Being hospitalized can keep you alive when you’re suicidal, but aside from that, I haven’t found it to be especially therapeutic.  I’ve in fact found it to be more of a negative experience than a positive one, which is probably a good thing, because I do everything I can to avoid re-hospitalization.  In fact, in writing this I’m reminded of exactly what I need to do to avoid being hospitalized again.  Daily self-care is a must.  Taking medication, exercising, and practicing gratitude are all forms of self-care for me.  Even with the best or most vigilant self-care, I can still become unwell.  I’m not perfect, and I do have Bipolar Disorder.  But being in touch with myself daily, I know when I’m slipping and I know when I need to get in to see Dr. Drugs.  Sometimes medication needs to be tweaked.  At times, I’ve had to make adjustments with work, such as working at home.  At other times, I had to stop working.  I hope that doesn’t happen again, but I know in reality that it might.  I have to live one day at a time, like the recovering alcoholics.  Today, I am ok.  And for that I am grateful.

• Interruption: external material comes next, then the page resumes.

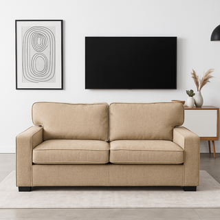 Sofá cama de tela en color beige, con un diseño moderno y elegante. Perfecto para aprovechar el espacio. - Medidas: 2 metros de largo. - Acolchado confortable.
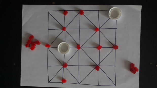 Si los cazadores rodean los tigres y los Tigres no pueden moverse, cazadores de ganan. Los Tigres ganan cuando comen suficiente cazadores que los cazadores no pueden rodear los Tigres ya

I’m curious what other people’s experiences have been with hospitalization.  Have they been positive or negative?  Do you have the same aversion to hospitalization that I have?  Also, how are you?  I think about you all and count you as blessings when I say thank you every day.  Have a great weekend.

I Guess This Is My Life Now

Having Bipolar Disorder and working full-time is a fucking challenge.  How else can I say it?  It is taking all of my resources to keep going.  I feel like I’m running a marathon every week.  Most people see working a full-time job as no big deal, but for me, with Bipolar Disorder, it takes herculean efforts to live this kind of life.

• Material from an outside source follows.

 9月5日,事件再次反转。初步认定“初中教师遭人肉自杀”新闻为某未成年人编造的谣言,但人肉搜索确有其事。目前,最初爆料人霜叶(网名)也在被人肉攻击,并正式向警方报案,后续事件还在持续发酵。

I have to get up at the ass-crack of dawn, because I have to have “me” time in the morning.  It’s just a personal requirement.  I am a monster without my morning “me” time.  Don’t ask me to go without it.  Then it takes me a good half hour to eat breakfast, which I hate, but it’s a requirement, to get through the morning.  Then I have to take a shower and get dressed in something nice, because I have to look nice.  It’s just another self-requirement.

Finally I grab my lunch that I made the night before (no eating out for me, it’s too expensive and it’s not as healthy) and I’m out the door for a 45 minute commute.  I turn off the radio and use the time to say my gratitude prayers.  I find that gratitude is a very important part of my daily regimen.  It puts me in a good headspace and I get to work with a good attitude.

Work is going much better now that I have things to do, I work totally independently on the projects that I have, I just sit at my desk and work work work.  I am totally fine with that.  I also sit and quietly tell people to “shut the fuck up” (very quietly) and when the rage at the noise really builds up, I take 1/2 a Xanax.  I also chew tons of Nicorette.  I don’t smoke at work because I don’t want to alienate people with the stink of smoke.

Sometimes I am so absorbed in my work that I forget to go home on time, but oftentimes I am itchy to leave and I’m watching the clock.  I run out of the office and into the comfy confines of my car, where I can smoke and smoke and smoke!  I drive like a semi bat out of hell all the way home, by which time I am usually pretty tired.  I usually wash my face, put on my pj’s, take my nighttime meds, make the next day’s lunch, and go to bed.

On the weekends, I go to the grocery store, sleep in gratefully, cook something for the coming week, do my laundry, and usually go to my parent’s to watch the Denver Broncos.  It’s not much of a life!  Mostly I work at keeping the Work Engine going.  Will it get easier?  I hope so.  Right now it feels like everything is centered around work.  I have gotten two paychecks, and it’s nice not to be broke anymore.  But I do have to admit that there’s been days that I’ve just wanted to quit.  I miss my slow life.  Sadly, the slow life doesn’t pay the rent.

Now that I’ve gotten you all psyched up to work full-time, tell me, how do YOU get through the week?  Hope you are all well . . . Let me know!